Initial cross-sectional analysis of our data with proportional odds logistic regression revealed that 11 of the 14 tested analyte levels changed over the 36 months between HC, MCI, and AD before adjustment for covariates and multiple comparisons. The analytes that demonstrated no change were IL-18, CRP, and FVII. After accounting for the influences of age, sex, APOE genotype, and site with the generalized linear model statistical method, we found that the apoJ and I309 levels are raised in AD category compared with HC and MCI participants, respectively, at each of the baseline, 18- and 36-month sample times. This suggests that these molecules might be affected or even have direct roles in the brain as it undergoes pathological changes.

ApoJ, also known as clusterin, was initially discovered over 20 years ago as a molecule which causes some testicular cells and erythrocytes to cluster and aggregate [24]. It appears to be associated with apoptosis in tissues that have been injured or undergoing regression or involution [25], [26], [27], [28], [29]; however, its pathological significance remains unclear. Determining the primary function of apoJ is complicated by its propensity to interact with a range of molecules, including itself [30]. It has been thought of as an extracellular heat shock protein due to the presence of a heat shock DNA element in its promoter region [31]. It behaves much like an extracellular version of small heat shock proteins that chaperone misfolded proteins to remain soluble [32]. Its expression is upregulated in many processes including development [33], response to injury and stress, apoptosis [34], [35], and neurodegeneration [36]. Therefore, it is no surprise that we find apoJ to be significantly increased in our AD participants compared with their HC counterparts in all of the assessment periods. On examination of apoJ, when the status of participants transits from HC to MCI or AD, it appears that this analyte does not change markedly. These results suggest that apoJ, as measured in the current protocols, may be most relevant to the specific COU of detecting AD and perhaps monitoring progression within AD rather than the COU of predicting future risk of AD although more work is needed.

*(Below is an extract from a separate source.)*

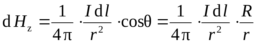 Интегрируя по всему кольцу, получим dl = 2R. Поскольку, согласно теореме Пифагора r2 = R2 + z2, то искомое поле в точке на оси по величине равно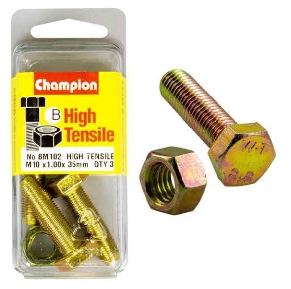 M10 x 1.0 x 35mm Bolt & Nut - High Tensile Pkt3

In human plasma, this molecule is carried as a component of high density lipoprotein (HDL) [37], [38]. As a molecule in the brain, it exists as a lower molecular weight form [39] that is bound to HDL particles [40]. It has been identified in noncovalent reversible complexes with soluble Aβ and some evidence suggests that it might cross the blood-brain barrier [41], [42]. The molecular weight differences between liver-derived plasma apoJ and the astrocyte-derived form in the brain are likely due to variation in glycosylation between these two compartments.

This may be of functional significance for the AD brain because intracellular forms of apoJ lack glycosylation [43] before secretion and also appear to lack chaperone activity [44]. These characteristics coupled with its ability to bind a variety of molecules has led to the theory that secreted apoJ is a molecular chaperone for extracellular misfolded proteins [45], [46], [47]. There has been speculation that apoJ might be a physiological carrier of Aβ, and indeed, there is evidence showing a reduction of Aβ toxicity through its sequestrating action [48]. Because of this, interest in post-translational modification of apoJ has expanded. Although it is known that differentially modified forms of apoJ are made by different tissues [39], [49], the significance of these modifications are slowly being discovered [50].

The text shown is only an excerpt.